### Problem requirements
An exact, complete printout of the listing is wanted, minus its images.

### Data segment
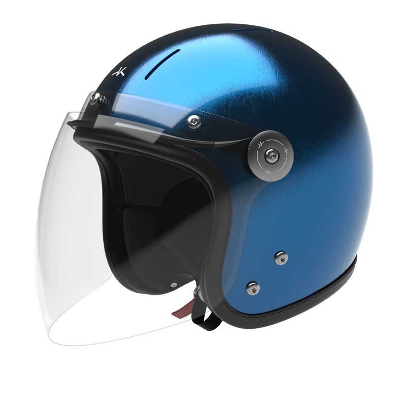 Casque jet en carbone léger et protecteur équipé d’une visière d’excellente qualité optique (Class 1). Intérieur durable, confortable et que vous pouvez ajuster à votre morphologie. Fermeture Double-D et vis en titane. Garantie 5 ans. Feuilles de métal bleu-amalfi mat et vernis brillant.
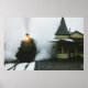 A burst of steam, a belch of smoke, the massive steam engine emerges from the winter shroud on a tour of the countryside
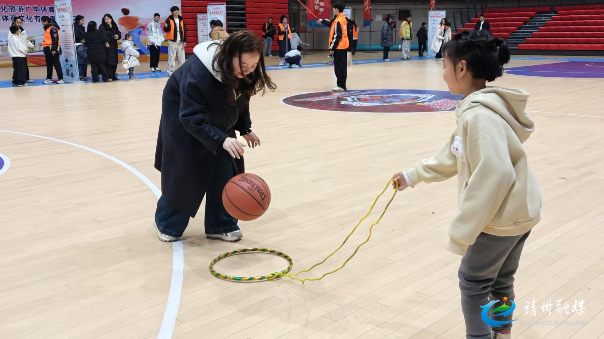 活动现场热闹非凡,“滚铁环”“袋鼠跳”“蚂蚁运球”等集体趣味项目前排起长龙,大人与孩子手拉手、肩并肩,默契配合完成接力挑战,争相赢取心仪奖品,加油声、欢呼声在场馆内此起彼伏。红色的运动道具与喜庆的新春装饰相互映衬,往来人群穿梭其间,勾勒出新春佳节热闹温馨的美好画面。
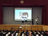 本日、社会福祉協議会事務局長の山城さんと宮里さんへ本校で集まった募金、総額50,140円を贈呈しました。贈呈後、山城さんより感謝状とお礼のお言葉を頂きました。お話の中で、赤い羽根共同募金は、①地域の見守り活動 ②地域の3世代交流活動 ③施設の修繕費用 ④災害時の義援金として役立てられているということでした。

### Answer space
 Casque jet en carbone léger et protecteur équipé d’une visière d’excellente qualité optique (Class 1). Intérieur durable, confortable et que vous pouvez ajuster à votre morphologie. Fermeture Double-D et vis en titane. Garantie 5 ans. Feuilles de métal bleu-amalfi mat et vernis brillant.
 A burst of steam, a belch of smoke, the massive steam engine emerges from the winter shroud on a tour of the countryside
 活动现场热闹非凡,“滚铁环”“袋鼠跳”“蚂蚁运球”等集体趣味项目前排起长龙,大人与孩子手拉手、肩并肩,默契配合完成接力挑战,争相赢取心仪奖品,加油声、欢呼声在场馆内此起彼伏。红色的运动道具与喜庆的新春装饰相互映衬,往来人群穿梭其间,勾勒出新春佳节热闹温馨的美好画面。
 本日、社会福祉協議会事務局長の山城さんと宮里さんへ本校で集まった募金、総額50,140円を贈呈しました。贈呈後、山城さんより感謝状とお礼のお言葉を頂きました。お話の中で、赤い羽根共同募金は、①地域の見守り活動 ②地域の3世代交流活動 ③施設の修繕費用 ④災害時の義援金として役立てられているということでした。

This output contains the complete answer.